Мы смотрим на Зелёный дом и дрожим от страха. Папа знает о чём-то, что нам неизвестно? Почему ему важно, чтобы мы туда не ходили? Неужели соседи на самом деле детоненавистники? И потом ещё мама сказала про, наблюдение. Значит, они под наблюдением! Может, они переехали сюда, потому что бежали в другой город после преступления? Даже мама и папа их опасаются.
Значит, они действительно опасные и злые.
Хелле вздрагивает, и я вслед за ней. Она тычет варежкой в сторону Зелёного дома. Дверь жилища злодеев открывается, по лестнице спускается маргинал. Мы сидим на Платформе, затаив дыхание, тихо, как мыши. Ему нас не видно — мы находимся выше по склону. Он сажает собаку на привязь и скрывается в доме. Ещё какое-то время мы сидим тихо и наблюдаем за жуткой собакой. Затем сползаем с Платформы, как можно тише, но пёс всё равно нас услышал! Он разражается лаем и рвётся в нашу сторону! Мы с воплями бежим что есть силы через Лесок, потом по дороге — прямо к дому Хелле. Дизель до нас не достаёт! Цепь дёргает его назад. К счастью для нас.
Мама Хелле тоже покупает у нас несколько лотерейных билетов. Затем мы обходим дальние дома — те, что находятся ближе к паромному причалу. Там живут замечательные добрые люди, они всегда покупают билеты.
Rigor mortis
трупное окоченение, лат
Дорогой дневник!
Папа и Эрленд не поймали с набережной ни одной рыбы.
Но ничего страшного: к их приходу мы с мамой успели сходить в магазин и купить лосося.
В магазине я долго стояла у рыбного прилавка и изучала неживых рыб. Честно говоря, мне было не по себе — жутковато думать о том, что вот они тут лежат… Мёртвые животные лежат навалом, абсолютно целые… Всё у них на месте: глаза, рот, плавники — вообще всё!.. (Да, я знаю, эти рыбы называются «угри».) А вообще-то… Рыбы — это животные или нет? Может быть, они — морские звери? Подумать только, что вот так на мясном прилавке могли бы лежать мороженые коровы и овцы! G рогами, и со шкурой, и с мехом! Это был бы кошмар!.. От этих рыб ужасно резкий запах. Наверное, их не успели заморозить до того, как они окоченели.

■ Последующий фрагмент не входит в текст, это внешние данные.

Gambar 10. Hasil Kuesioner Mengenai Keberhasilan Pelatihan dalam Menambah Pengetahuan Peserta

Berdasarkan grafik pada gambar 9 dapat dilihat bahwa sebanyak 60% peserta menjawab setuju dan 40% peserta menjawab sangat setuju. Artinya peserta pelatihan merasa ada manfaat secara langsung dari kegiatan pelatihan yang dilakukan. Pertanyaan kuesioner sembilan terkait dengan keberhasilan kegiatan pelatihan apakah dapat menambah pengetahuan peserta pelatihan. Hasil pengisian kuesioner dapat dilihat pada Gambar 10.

Когда умирают люди, с ними происходит то же самое, что и с животными, — наступает трупное окоченение. Через какое-то время, после того как кто-нибудь умирает, его тело становится всё тверже и тверже. Так, как будто тебя чем-то изнутри набили и сделали чучело. Поэтому для старого, очень старого человека хорошо, когда он умирает во сне, лёжа в постели. Тогда он застывает так, как положено, и очень хорошо подходит для гроба.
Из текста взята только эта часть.